8.—(1) A network provider or service provider must take such measures as are appropriate and proportionate to reduce the risks of the occurrence of security compromises that consist of unauthorised access to the public electronic communications network or public electronic communications service.
(2) The duty in paragraph (1) includes in particular a duty—
(a)to ensure that persons given responsibility for the taking of measures on behalf of the network provider or service provider for the purposes mentioned in section 105A(1) of the Act (“the responsible persons”) have an appropriate understanding of the operation of the network or service,
(b)to require multi-factor authentication for access to an account capable of making changes to security critical functions,
(c)to ensure that significant or manual changes to security critical functions must, before the change is made, be proposed by one person authorised by the network provider or service provider in question and approved by another person from among the responsible persons,
(d)to avoid the use of default credentials wherever possible, in particular by avoiding, as far as possible, the use of devices and services with default credentials that cannot be changed,
(e)where, despite sub-paragraph (d), default credentials have been used, to assume, for the purpose of identifying the risks of security compromises occurring, that any such default credentials are publicly available,
(f)to ensure that information which could be used to obtain unauthorised access to the network or service (whether or not stored by electronic means) is stored securely, and
(g)to carry out changes to security critical functions through automated functions where possible.

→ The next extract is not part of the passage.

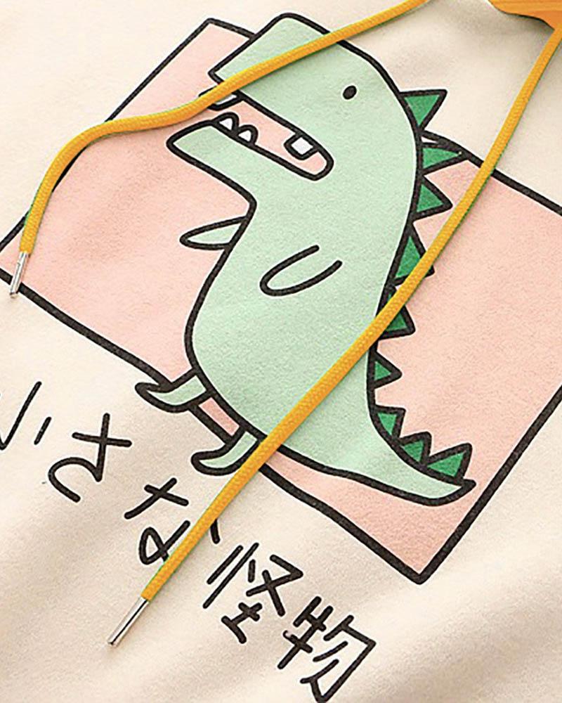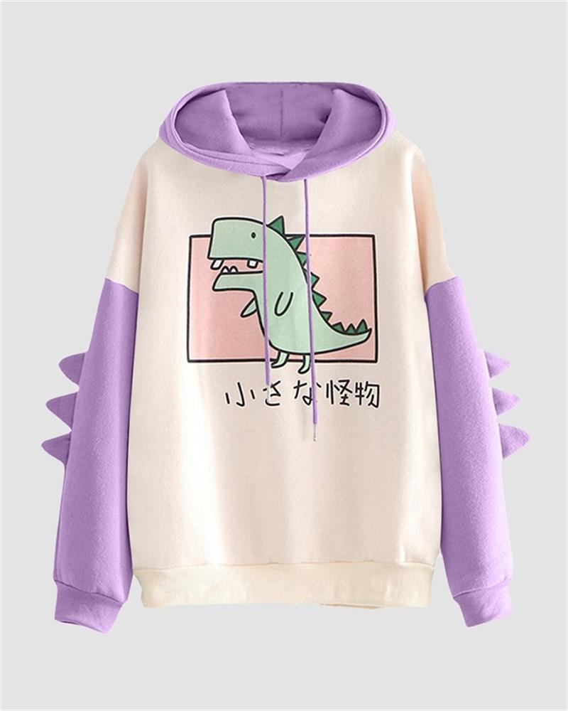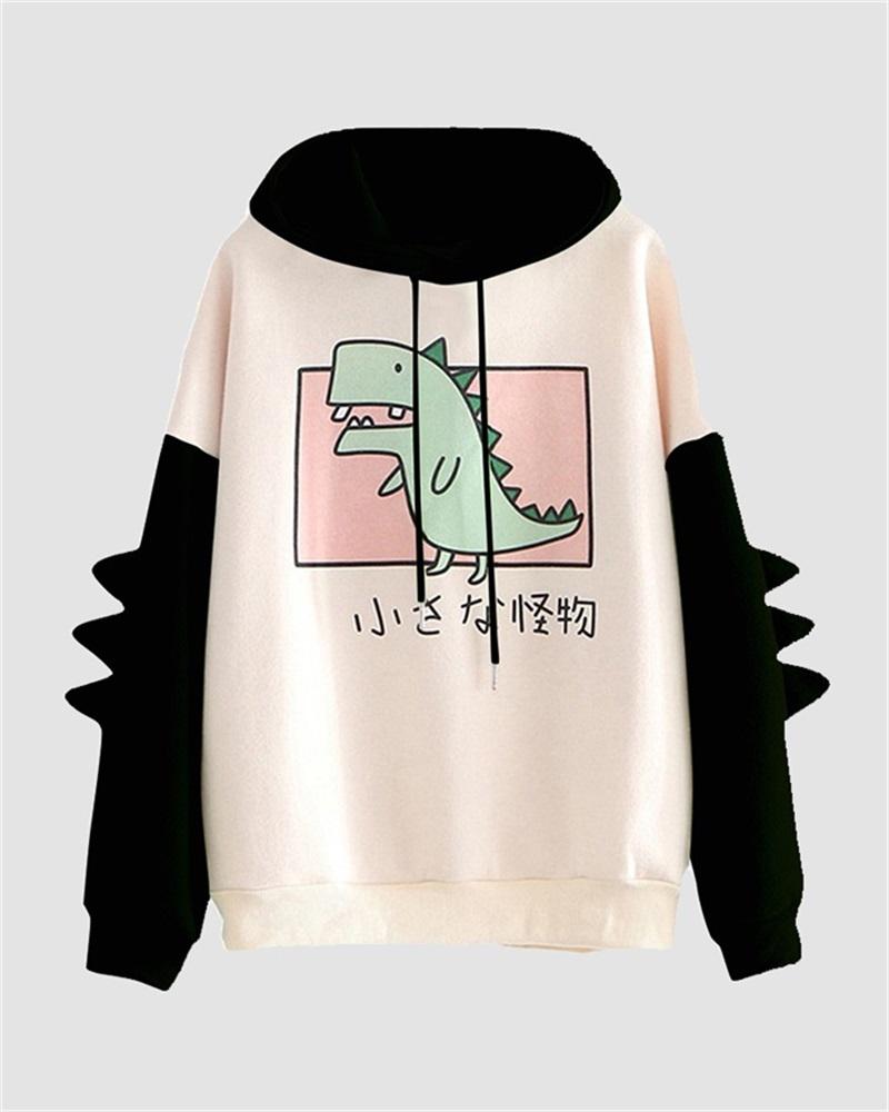 Details: Long-sleeve graphical hoodie with dinosaur designTop Length: NormalSleeve Length: Long SleevesMaterials: 95% Polyester + 5% Spandex

(3) A network provider must have in place, and use where appropriate, means and procedures for isolating security critical functions from signals which the provider does not believe on reasonable grounds to be safe.
(4) A network provider or service provider must limit, so far as is consistent with the maintenance and operation of the public electronic communications network or the provision of the public electronic communications service, the number of persons given security permissions and the extent of any security permissions given.
(5) A network provider or service provider must also—
(a)ensure that passwords and credentials are—
(i)managed, stored and assigned securely, and
(ii)revoked when no longer needed,
(b)take such measures as are appropriate and proportionate to ensure that each user or system authorised to access security critical functions uses a credential which identifies them individually when accessing those functions,
(c)take such measures as are appropriate and proportionate, including the avoidance of common credential creation processes, to ensure that credentials are unique and not capable of being anticipated by others,
(d)keep records of all persons who—
(i)in the case of a network provider, have access to the public electronic communications network otherwise than merely as end-users of a public electronic communications service provided by means of the network, and
(ii)in the case of a service provider, have access to the public electronic communications service otherwise then merely as end-users of the service, and
(e)limit the extent of the access to security critical functions given to a person who uses the network or service to that which is strictly necessary to enable the person to undertake the activities which the provider authorises the person to carry on.
(6) A network provider or service provider must ensure—
(a)that no security permission is given to a person while the person is in a country listed in the Schedule, and
(b)that any security permission cannot be exercised while the person to whom it is given is in a country so listed.